On Friday, June 24, 2011, Deportes Media began operating KTRB under a local marketing agreement (LMA). The station's format changed to Spanish-language sports using the ESPN Deportes Radio Network.

Beginning in 2014, KTRB became the San Francisco affiliate for the San Jose State Spartans football radio network.

===Switch to Salem Radio Network===
On the Fourth of July weekend, 2016, the station switched to a conservative talk radio format airing nationally syndicated programs from the Salem Radio Network. The station began operations under the Salem Media Group using an LMA. The sports format, including ESPN Deportes and San Jose State football, moved to KKSF. The station is presently operating with 50,000 watts non-directionally days and 5,000 watts non-directionally nights, both from Salem's KFAX transmitter site.

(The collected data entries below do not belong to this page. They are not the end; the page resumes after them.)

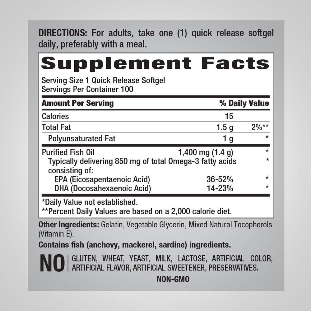 Triple Strength Fish Oil: Our Fish Oil contains EPA and DHA, two Omega-3 fatty acids that help support and maintain the health of the cardiovascular system. ** Each quick release softgel contains 1360 mg per serving of our fish oil and is purified to eliminate Mercury as well as other heavy metals. With the convenience of only taking one daily, what’s stopping you?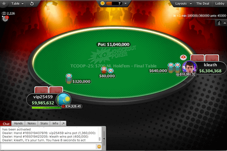 В хедз-апе против очень сильного профи Бьорна “kleath” Клитерссона ($7,8 млн. призовых в онлайн турнирах), преимущество Славы по фишкам составляло 1 к 2,7 (12,720,632 и 4,609,638).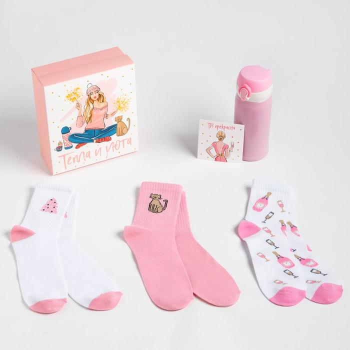Новогодний подарочный набор термос и носки KAFTAN "Тепла и уюта", р-р36-39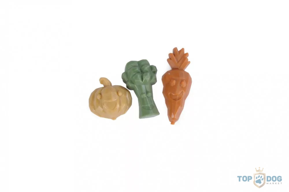 ÖSSZETÉTEL: Édesburgonya, borsóliszt, növényi glicerin, szárított brokkoli 4% (zöld csemege), szárított sárgarépa 4% (narancs csemege), szárított tök 4% (sárga csemege),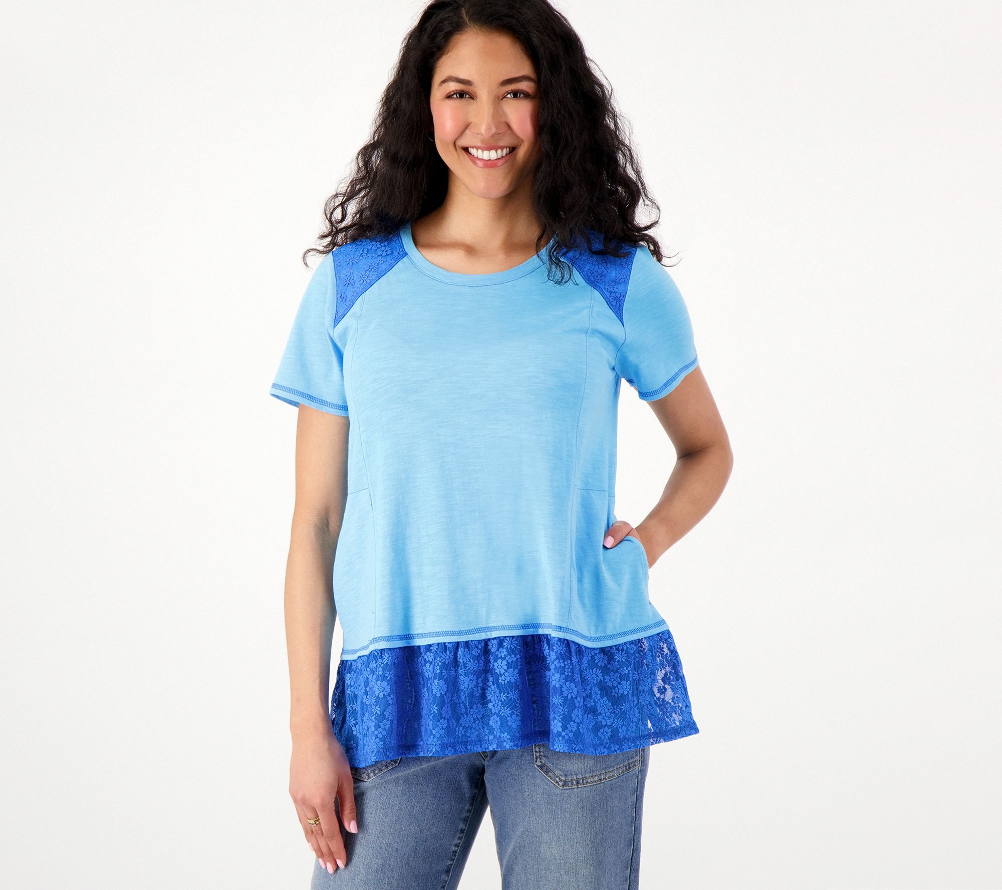 • Features: scoop neckline, short sleeves, on-seam pockets, lace trim detail at front and back yoke and bottom hem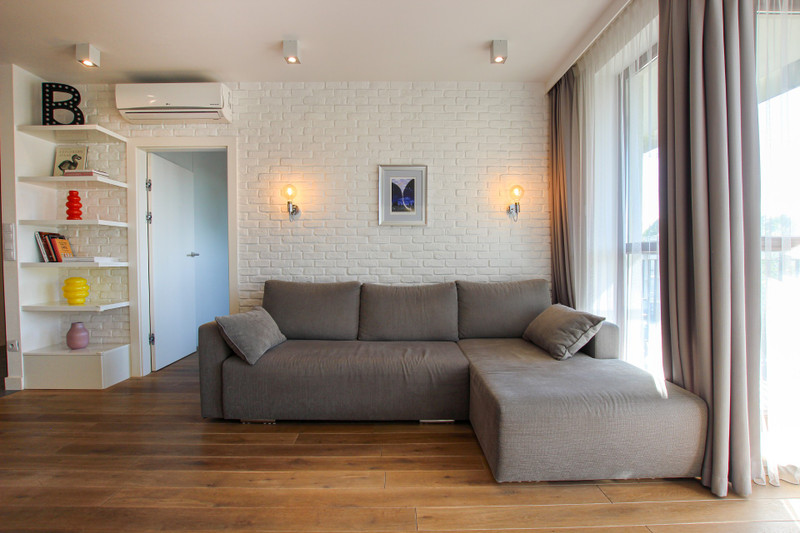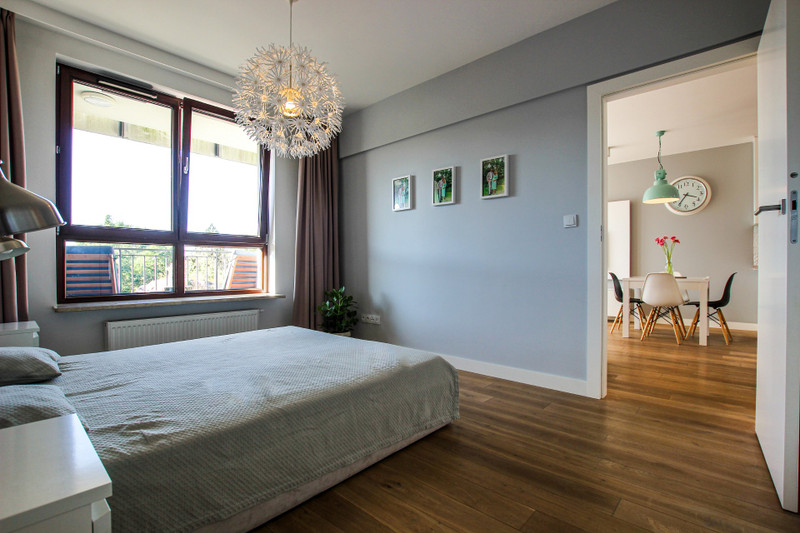 Mieszkanie ma ekspozycję południowo-zachodnią, co w połączeniu z panoramicznymi drewnianymi oknami gwarantuje odpowiednie doświetlenie o każdej porze dnia. Ilość wpadających promieni słonecznych można regulować firankami bądź zasłonami przygotowanymi na wymiar. O temperaturę w mieszkaniu dba klimatyzacja.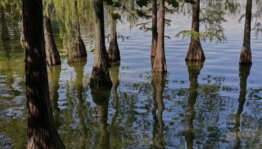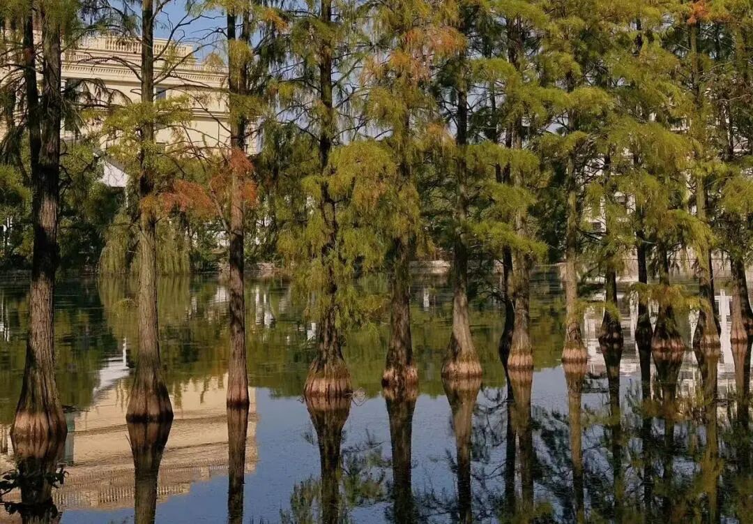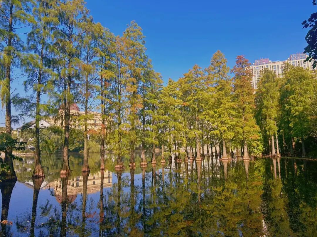 “一湖倒影一湖诗 半湖火焰半湖蓝”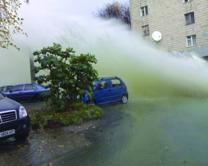 — Да что там от тех автомобилей осталось, когда здесь летали глыбы камней, — говорит 40-летний Алексей Томусяк со строительной компании "ВиМ-Украина". Ее офис находится недалеко от места разрыва. — Здесь стояла машина моего друга. Уцелело только лобовое стекло и передние фары. Все остальное побито, салон полон воды и камней. Такой грохот стоял, как вулкан. Кипятком залило всю улицу, шел пар. Ничего не видно. Окна балконов на четвертом и шестом этаже разлетелись. У наших соседей офис затопило. К нам вода чудом не дошла.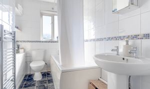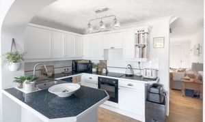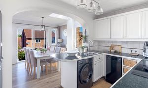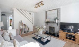 The entrance porch leads to a comfortable-sized sitting room with a large picture window overlooking a small green to the front of the property. The stairs rise to the first floor, with a built-in cupboard below. The impressive, open-plan kitchen/dining room is a wonderfully light and well-planned space, due to an extension to the rear of the property. Comprising a comprehensive range of wall and base units with space for appliances and a generous dining area allows for a dining table and chairs comfortably seating six, with French doors leading nicely out to the attractive garden. The first floor comprises two double bedrooms, the rear with a built-in wardrobe and the front bedroom also features a range of wardrobes to be included in the sale. The modern bathroom includes a bath with a shower over and tiling to the walls.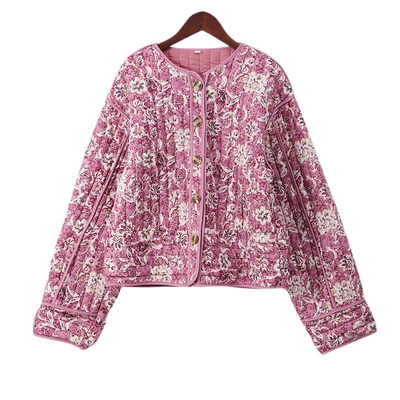 Осень-зима Цветочный принт Женская стеганая куртка Утолщенный воротник-стойка Теплое хлопковое пальто Модная женская уличная верхняя одежда L розовый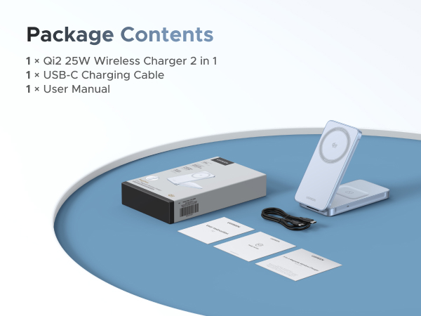 • What's Included: Qi2.2 25W magnetic wireless charger, 1M USB-C cable (wall charger excluded), operation manual, and our friendly customer service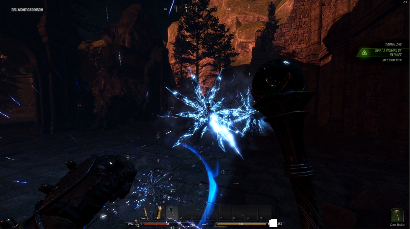 Second, you'll need to find yourself a staff. Staffs can be found in weapon loot chests and will also be craftable. With spells learned and a staff equipped, you'll be ready to fulfill your wildest witch and wizard survival fantasies.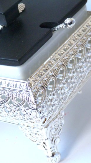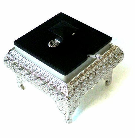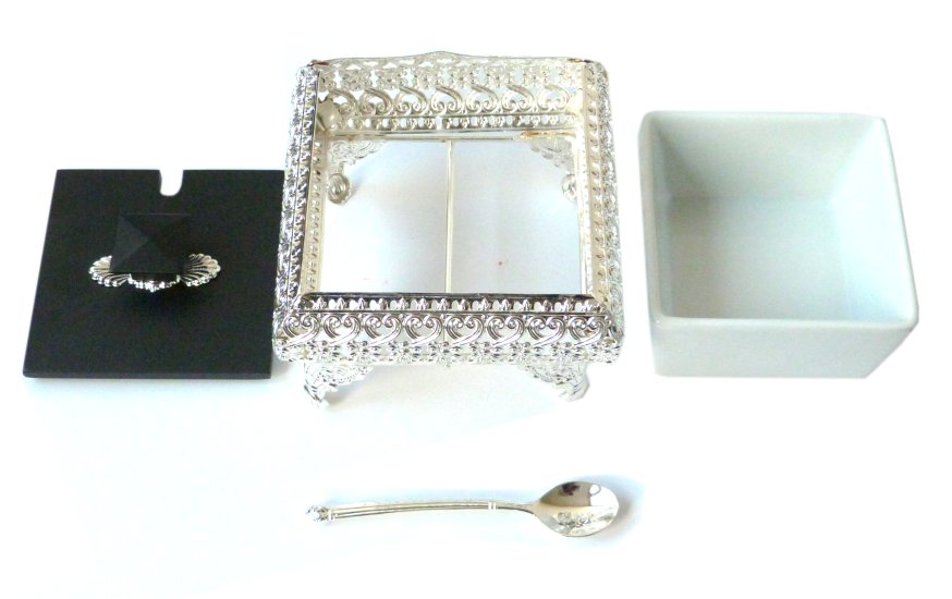 Objet décoratif en porcelaine argenté avec inscription Allah Jallâ Jalâlouh décoré d'émeraudes blanches - REF. 23396 (25.00 €)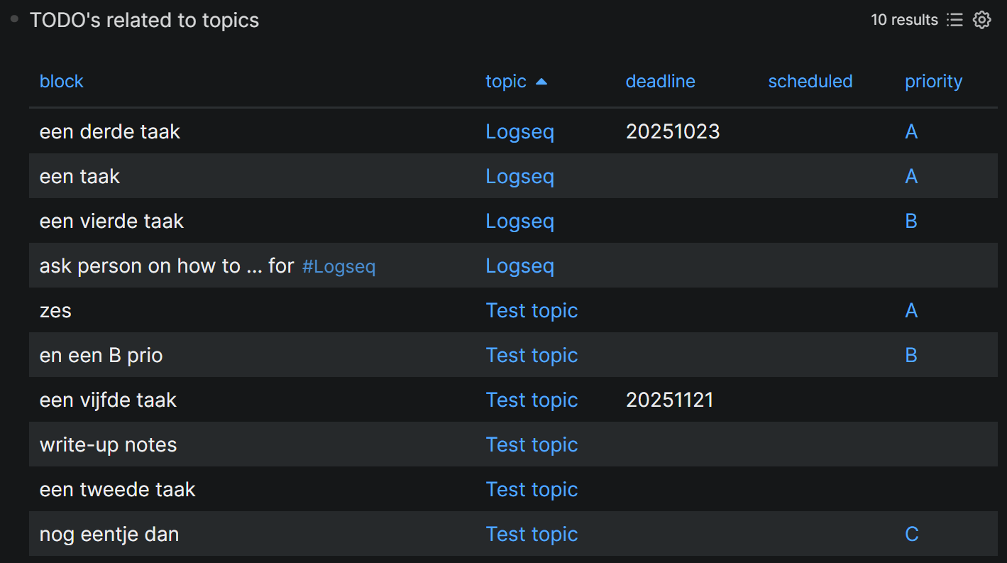 After using the tool a while, I noticed I’d like to retrieve specific lists. Lists of task related to specific pages. So, now, I am flagging pages with a topic:: property. And when active, I like to see all tasks related to it and when suspended or not marked, they are irrelevant. Next to that, I wanted to see tasks that are implicitly tagged meaning instead of the block having a tag, it should also pop up when the parent has the tag. This is especially handy when having a meeting discussing multiple topics and suddenly a task pops up.

The acquisition of KTRB by the managing partners of Salem, DBA East Bay Broadcasting, LLC for $5,125,000, from the receiver of KTRB, was granted on November 30, 2016.

The FCC construction permit which would turn KTRB from a 50,000-watt four-tower DA-1 installation into a 50,000-watt/5,000-watt DA-2 installation, with one KFAX tower days and all four KFAX towers nights has been granted.

In theory, this should be sufficient for service to the city of license, but the night pattern necessarily protects Portland (Class B, as is KTRB), Tijuana (also Class B) and Toronto (Class A), and, consequently, night service along radials towards those three cities, which includes the largest North Bay and South Bay cities, and some East Bay cities, will be significantly to dramatically reduced.

Effective September 11, 2018, East Bay Broadcasting assigned KTRB's license to Salem Media's New Inspiration Broadcasting Company, Inc., at the same $5.125 million price originally paid by East Bay.

In January 2019, the Oakland Athletics announced KTRB as their flagship station for the 2019 season. After one season, the team elected to not renew with KTRB instead to move game broadcasts to its own "A’s Cast" Internet radio station on TuneIn for the 2020 season.
Also in 2020, KTRB resumed broadcasting San Jose State football, splitting the broadcast rights with sister station KDOW. On December 19, 2020, KTRB broadcast San Jose State's 34–20 2020 Mountain West Conference Football Championship Game victory over Boise State. In 2021, KTRB broadcast all but one San Jose State football game.